Unterrichtssprache "Ich, du, er, sie, xier" - Gender

08. Dezember 2021 Annett Schpeniuk


„Alle Sprache ist Bezeichnung der Gedanken.“ (Immanuel Kant)

Yogaunterricht und die Gespräche im Anschluss funktionieren zum größten Teil durch Zuhören und Umsetzen von Gesagtem. Die meisten neuen Teilnehmenden entscheiden nach spätestens einer Minute, ob sie einer Stimme und Sprache weiterhin Aufmerksamkeit schenken. Es lohnt sich also die Qualität der eigenen Sprache auszubauen.

Oft habe ich beim Unterrichten das Gefühl, dass ich einen Monolog halte. Doch dieser Monolog ist eigentlich nur eine andere Form des Dialoges mit den vor mir Praktizierenden.

Direkte Ansprache: du; ihr; wir; jeder (Mensch); jede (Person), alle … was denn nun?
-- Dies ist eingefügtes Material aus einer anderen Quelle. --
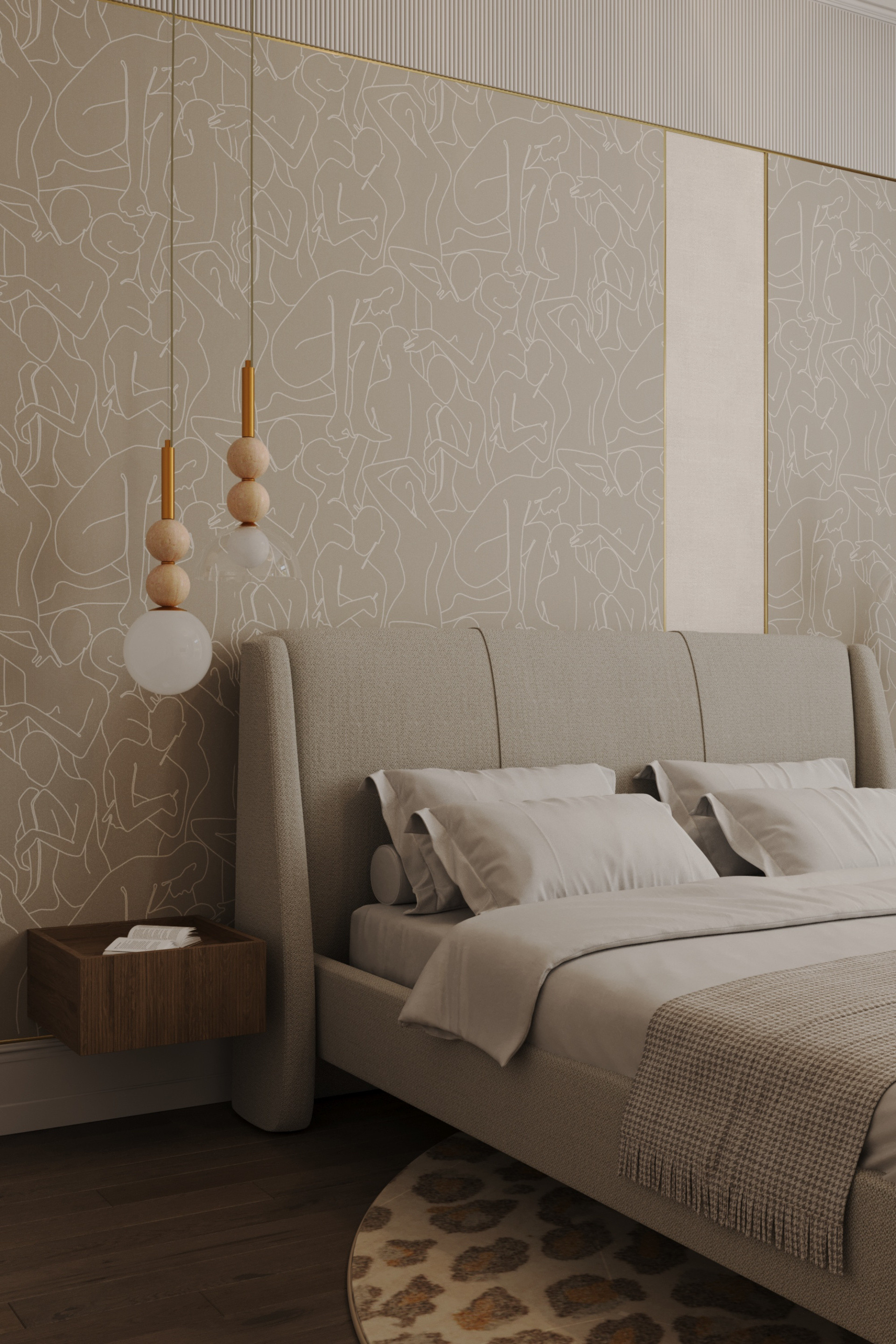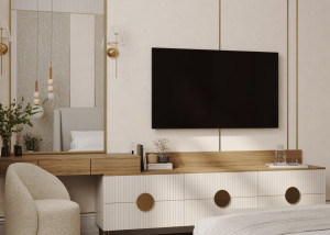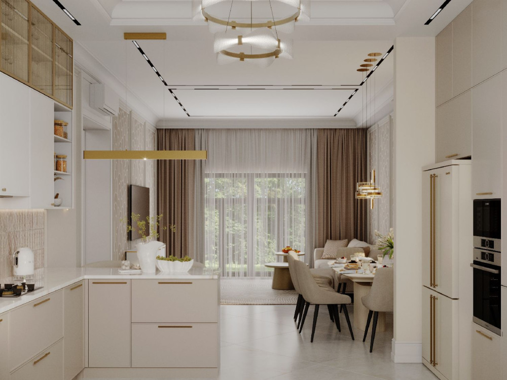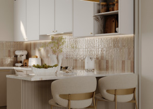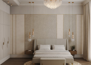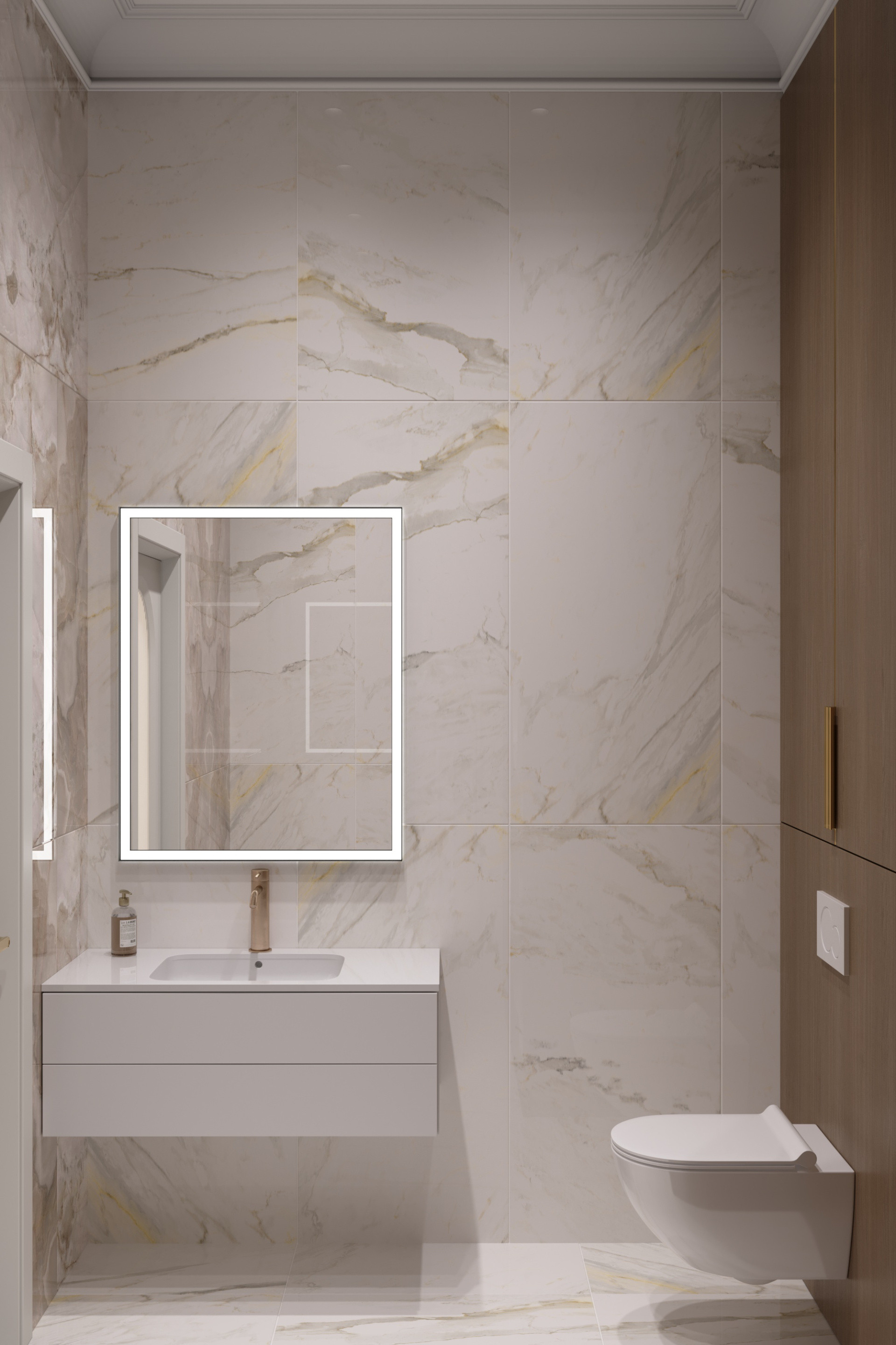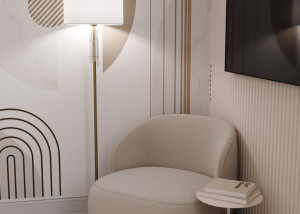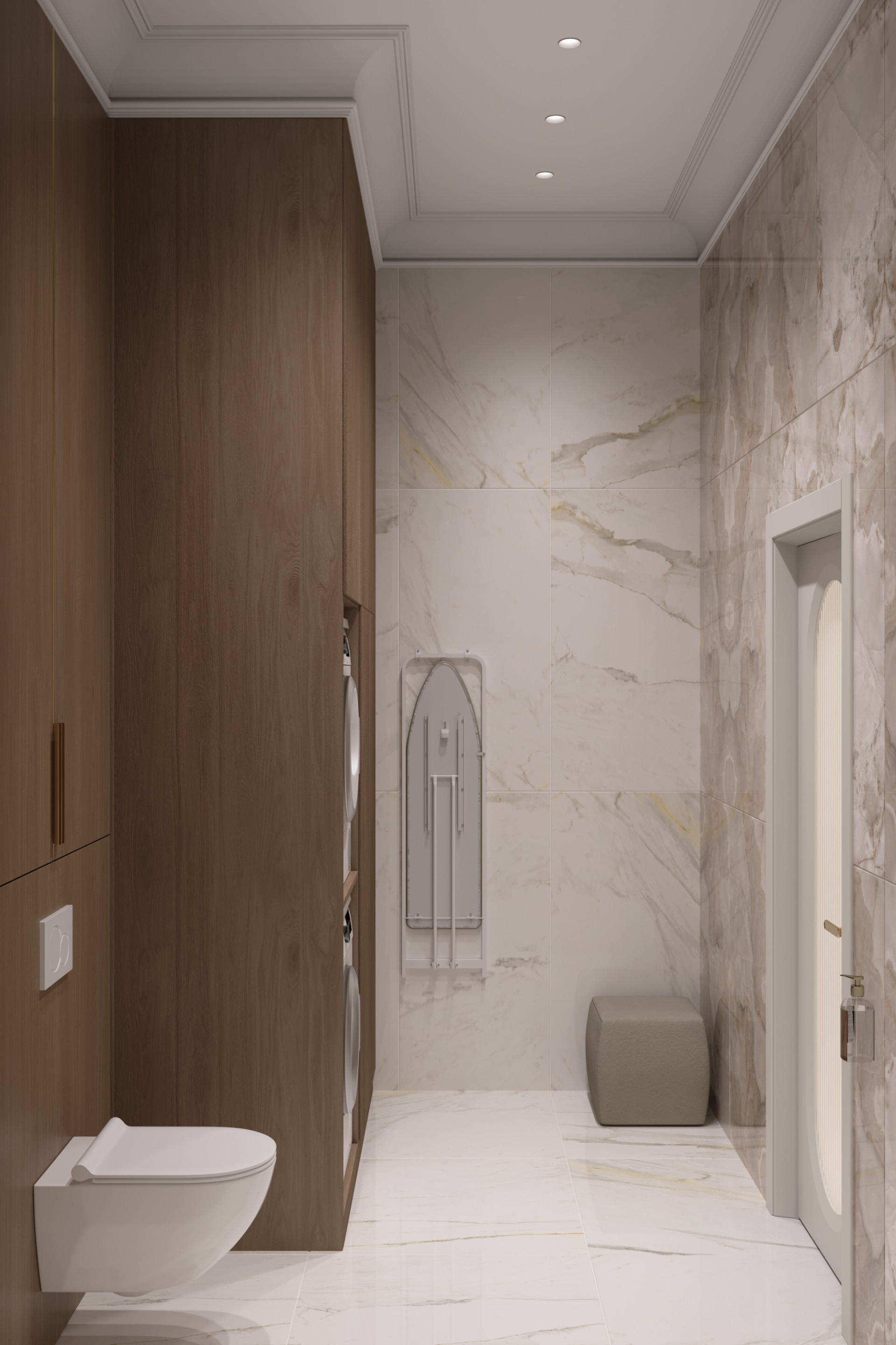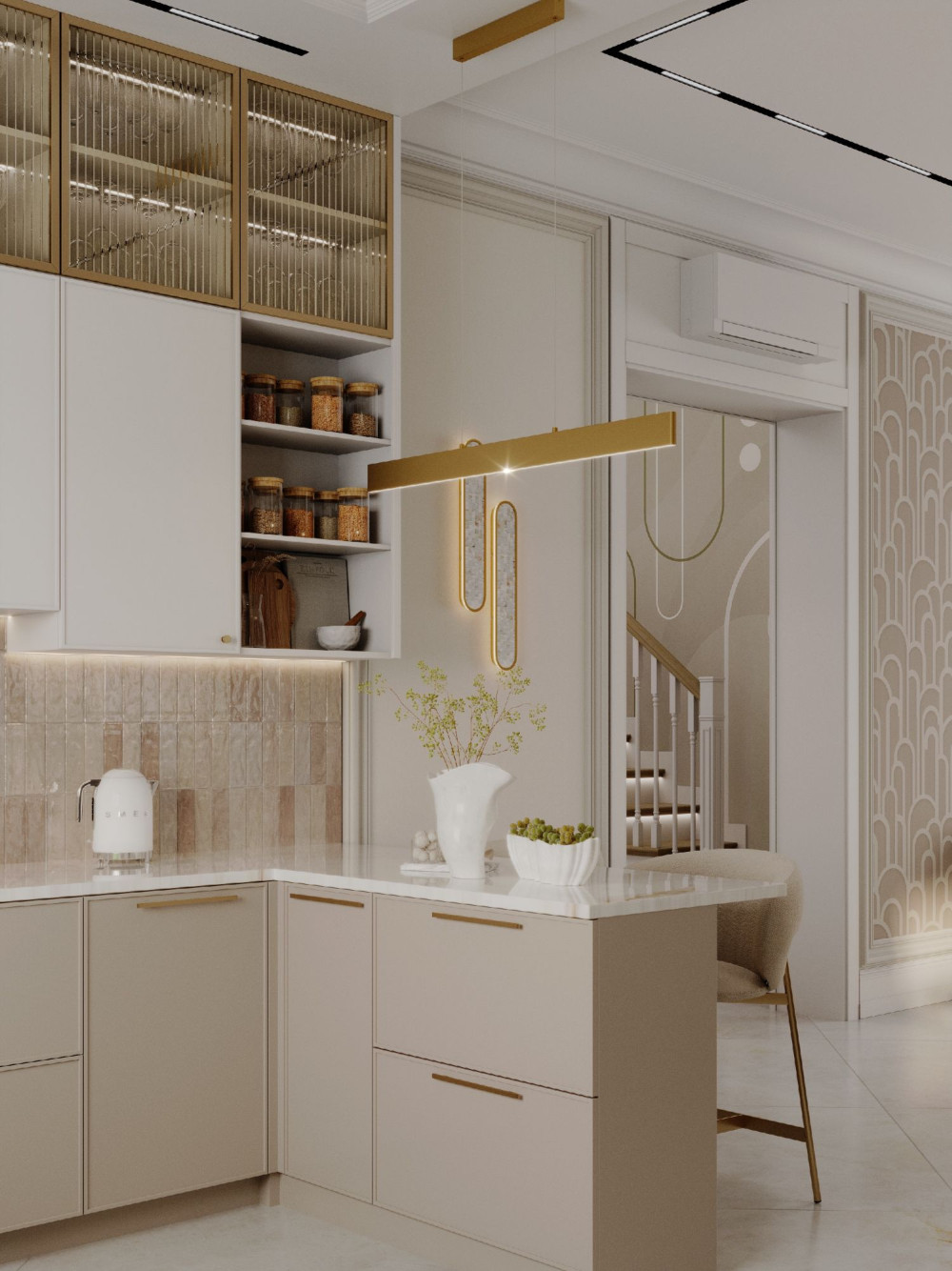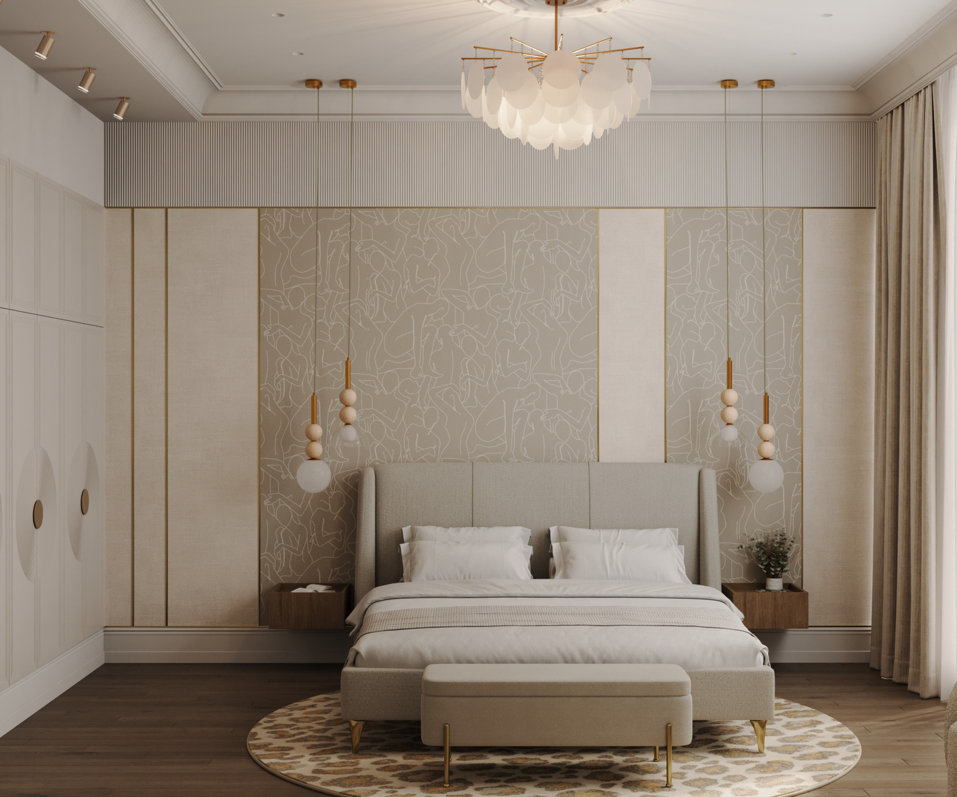Этот проект мы разработали для нашего постоянного Заказчика. В пожеланиях было создать достаточно минималистичный интерьер для молодой девушки - дочери Заказчика. В ходе проектирования мы меняли общую цветовую гамму интерьера, стилистику и орнамент обоев, подбирая оптимально подходящий вариант, т.к. у хозяйки дома изначально не было четкого понимания в каких тонах хотелось бы видеть свой интерьер. Обычно такое понимание приходит во время совместного выезда на предварительный подбор материалов, который мы осуществляем еще до начала работы над Дизайн-проектом. Но в данном случае провести такой выезд у нас не было возможности и всё подбиралось уже в процессе проектирования. В ходе обсуждений была согласована светлая нейтральная цветовая гамма с добавлением кремово-кофейного оттенка в текстителе и обоях. Геометрический орнамент сделал интерьер более молодежным и современным, а молдинги, добавленные к его плавным линиям, придали интерьеру классики.

Am Beginn der Yogastunde bringe ich ein „du“ fast nie über die Lippen. Ich richte das Gesagte an die Gruppe und ein „ihr“ fühlt sich passend an.

Im weiteren Verlauf der Klasse wechsle ich zum „du“, wenn ich vorhabe, dass die Haltungen erspürt werden und sich alle für sich über das Erspüren besser kennenlernen. Hier erscheint mir das „du“ angebrachter, da ich möchte, dass sich alle direkt angesprochen fühlen.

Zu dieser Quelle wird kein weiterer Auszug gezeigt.